> **WORK TASK**: Your copy should repeat the data that follows exactly and contain no image.

> **GIVEN INFORMATION**:

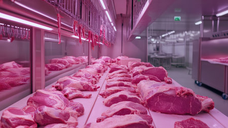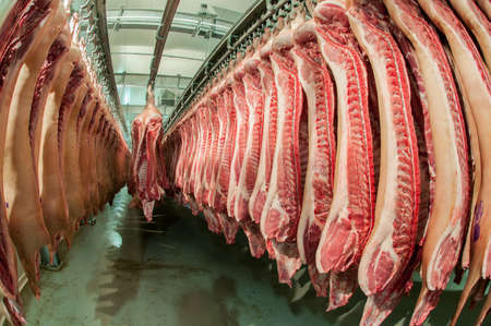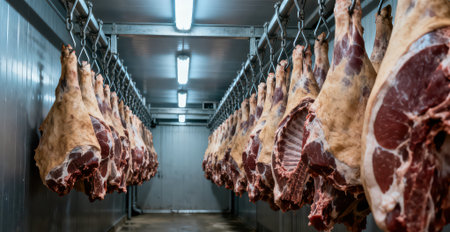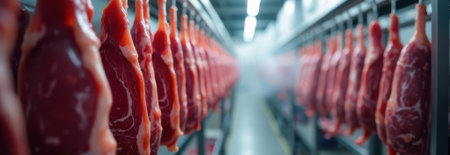 Rows of fresh meat hanging in a refrigerated processing plant, showcasing industrial food production
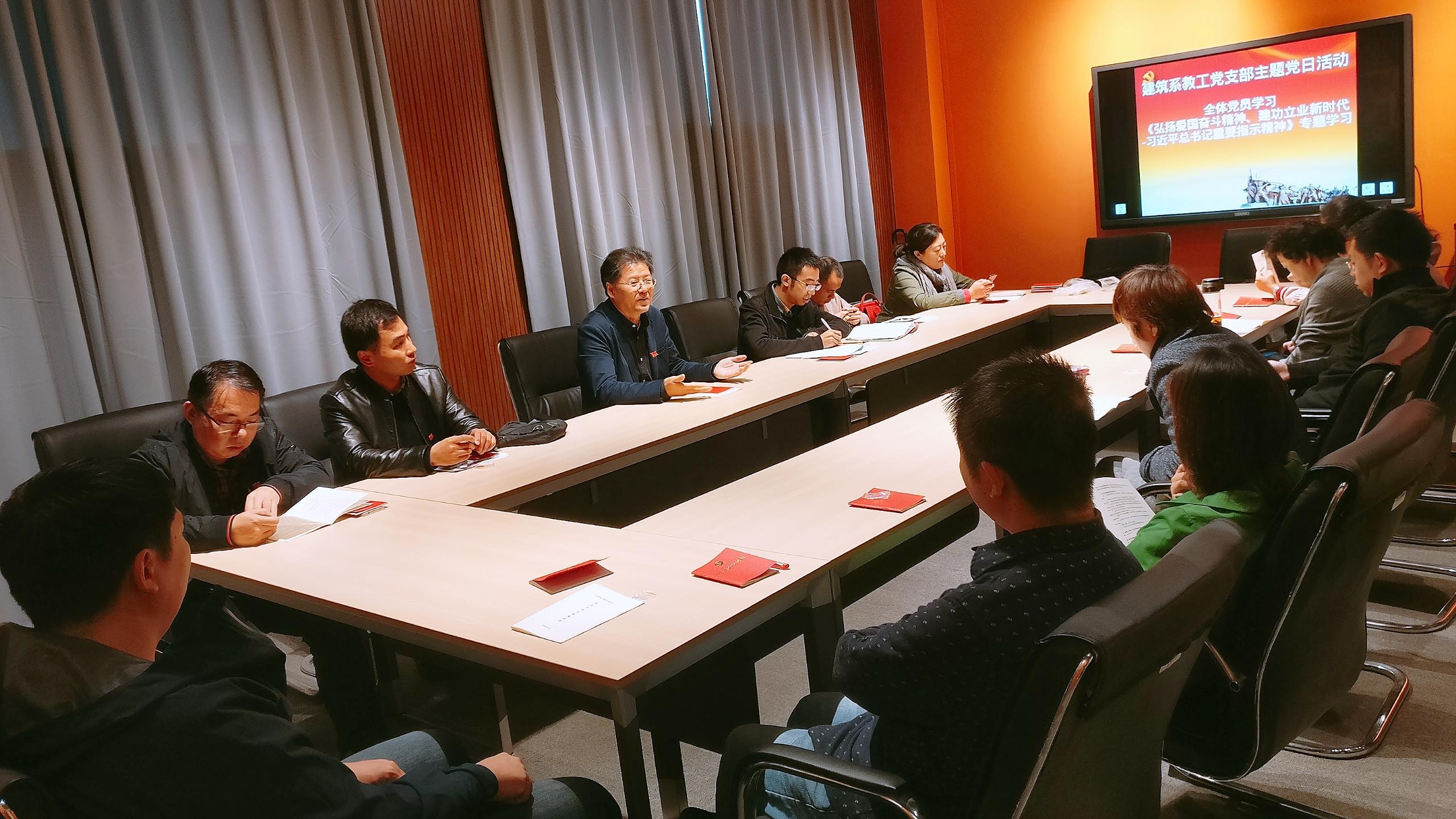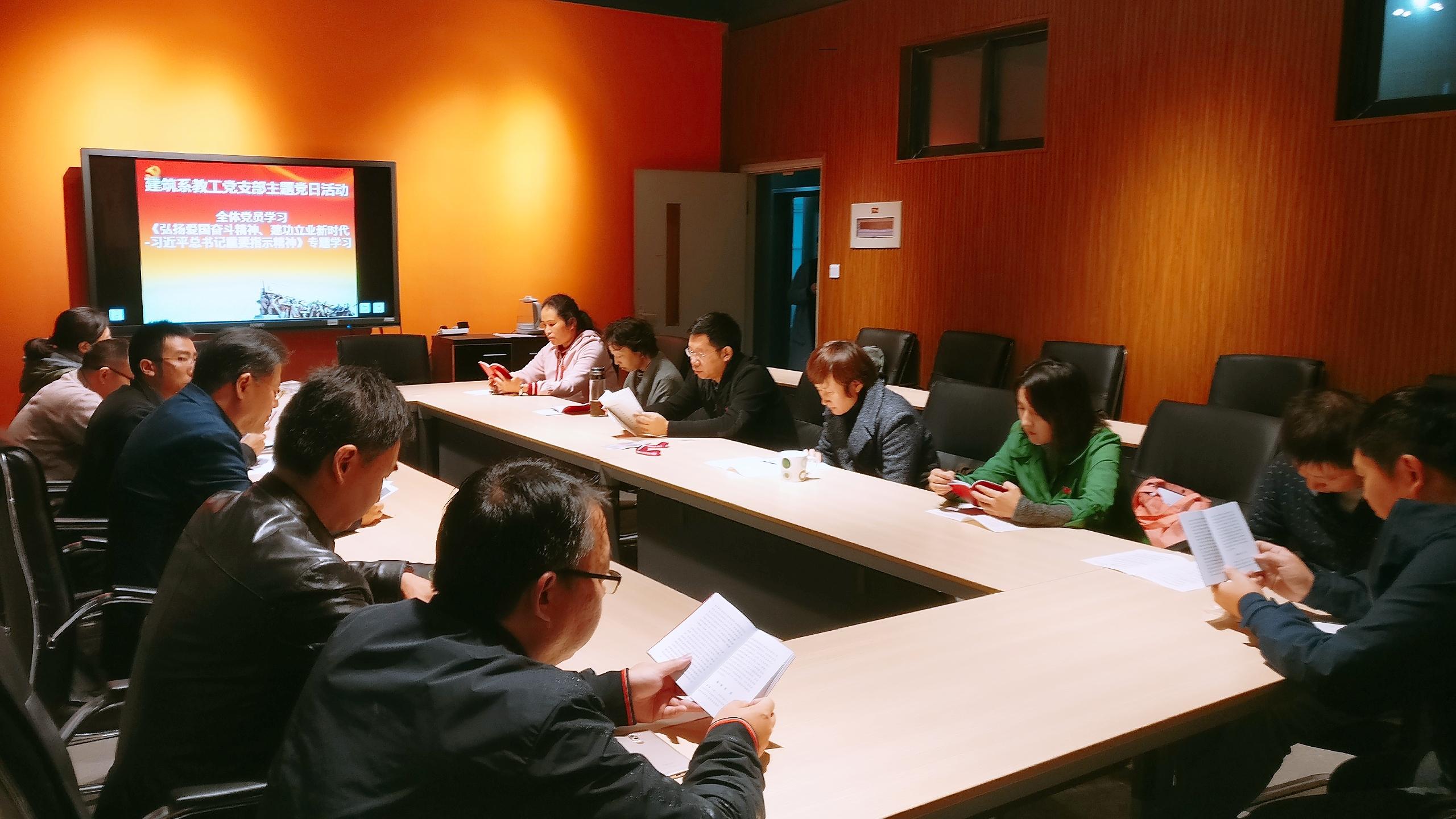 2018年10月18日,建筑与设计学院建筑系教工党支部在建筑系会议室召开支部会议,会议由党支部书记付飞同志主持。会议先对党章的第五章内容进行了学习,大家轮流朗读党章内容,对党章内容进行深入的理解,领会党章的要义。学习完党章之后,建筑与设计学院建筑系教工党支部开展《弘扬爱国奋斗精神、建功立业新时代——习近平总书记重要指示精神》专题学习:爱国奋斗,是中华民族生生不息代代相传的民族基因,是新时代高扬的主旋律;中国特色社会主义进入新时代,弘扬爱国奋斗精神具有特别重要的现实意义。大家认真学习习近平总书记重要讲话精神后,认为在中国特色社会主义新时代应自觉弘扬践行爱国奋斗精神,不忘初心、牢记使命,要增强“四个意识”,坚定“四个自信”,把教师们的个人理想自觉融入国家和学校发展事业中。此次会议还学习了习近平总书记在全国教育大会上关于“坚持中国特色社会主义教育发展道路,培养德智体美劳全面发展的社会主义建设者和接班人”的重要讲话。同时,会议传达中共布谷tv
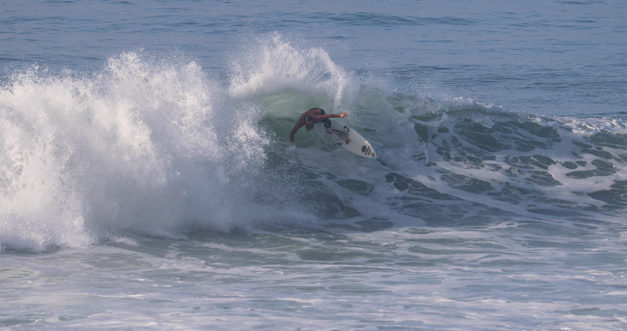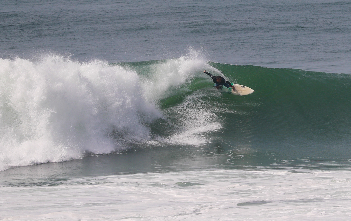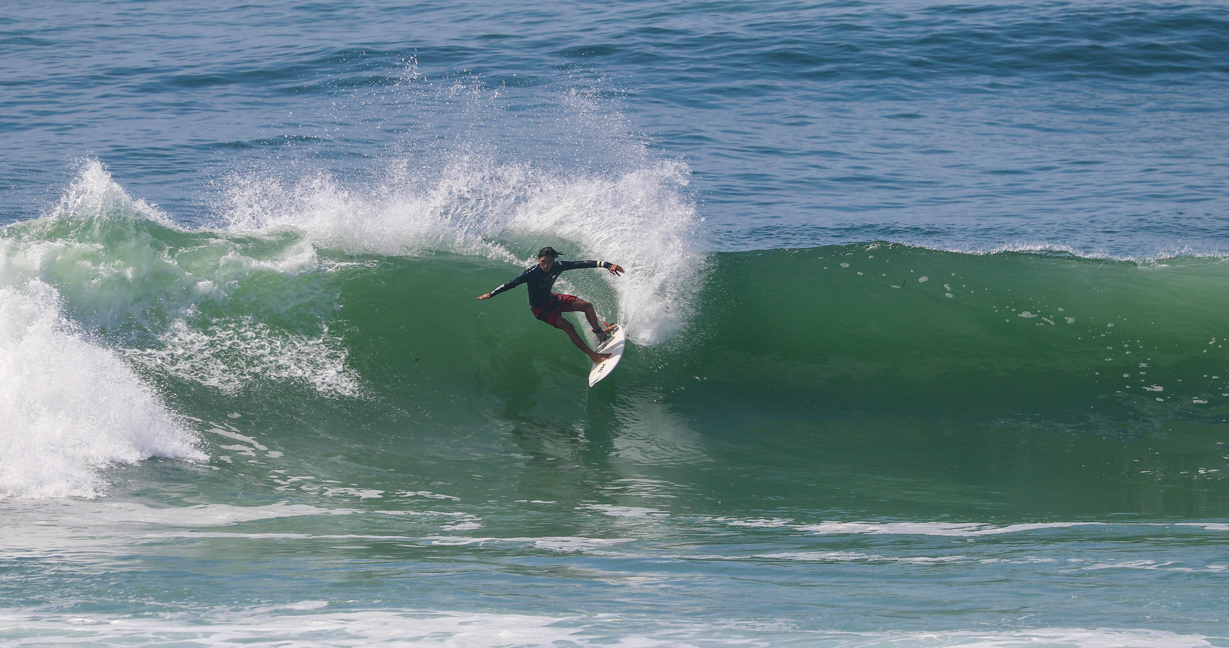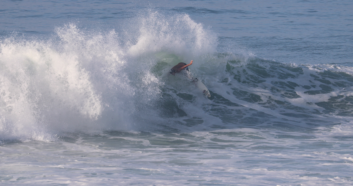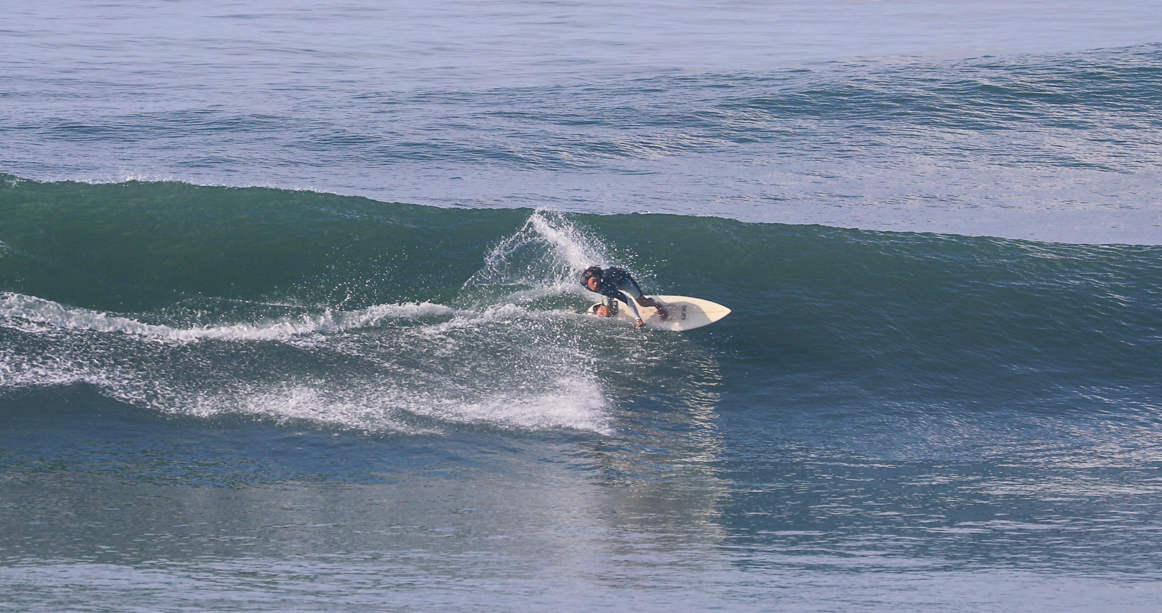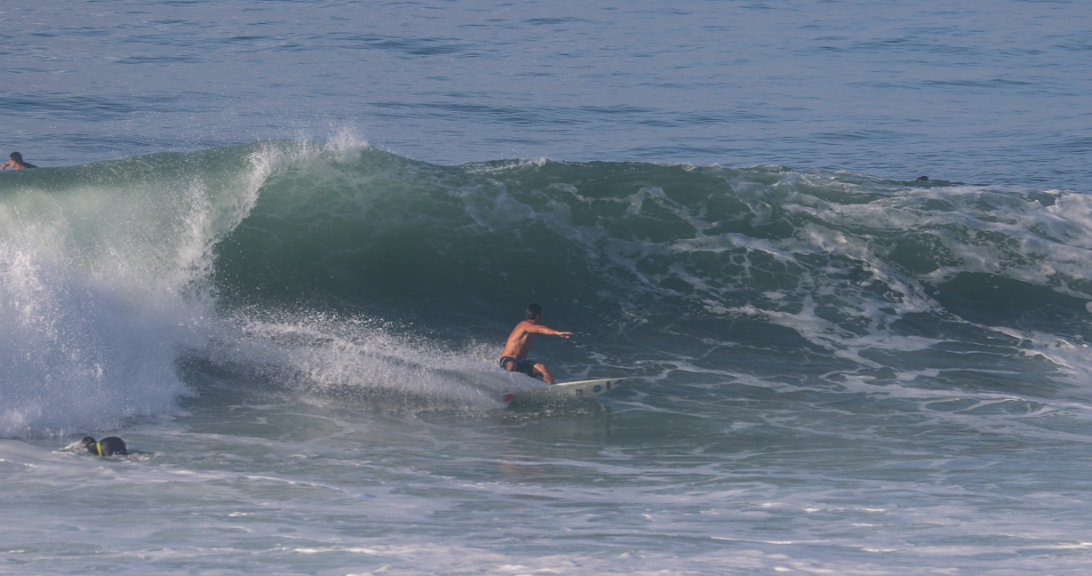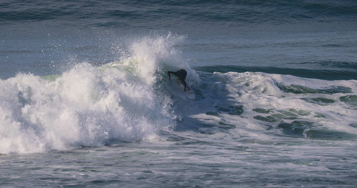 オンショアが吹く寸前1時間前くらいにゲッティングアウトして行き、さすがの存在感で沖からのセットをつかんでビッグドロップをメイクする。

> **EXERCISE ANSWER**:
 Rows of fresh meat hanging in a refrigerated processing plant, showcasing industrial food production
 2018年10月18日,建筑与设计学院建筑系教工党支部在建筑系会议室召开支部会议,会议由党支部书记付飞同志主持。会议先对党章的第五章内容进行了学习,大家轮流朗读党章内容,对党章内容进行深入的理解,领会党章的要义。学习完党章之后,建筑与设计学院建筑系教工党支部开展《弘扬爱国奋斗精神、建功立业新时代——习近平总书记重要指示精神》专题学习:爱国奋斗,是中华民族生生不息代代相传的民族基因,是新时代高扬的主旋律;中国特色社会主义进入新时代,弘扬爱国奋斗精神具有特别重要的现实意义。大家认真学习习近平总书记重要讲话精神后,认为在中国特色社会主义新时代应自觉弘扬践行爱国奋斗精神,不忘初心、牢记使命,要增强“四个意识”,坚定“四个自信”,把教师们的个人理想自觉融入国家和学校发展事业中。此次会议还学习了习近平总书记在全国教育大会上关于“坚持中国特色社会主义教育发展道路,培养德智体美劳全面发展的社会主义建设者和接班人”的重要讲话。同时,会议传达中共布谷tv
 オンショアが吹く寸前1時間前くらいにゲッティングアウトして行き、さすがの存在感で沖からのセットをつかんでビッグドロップをメイクする。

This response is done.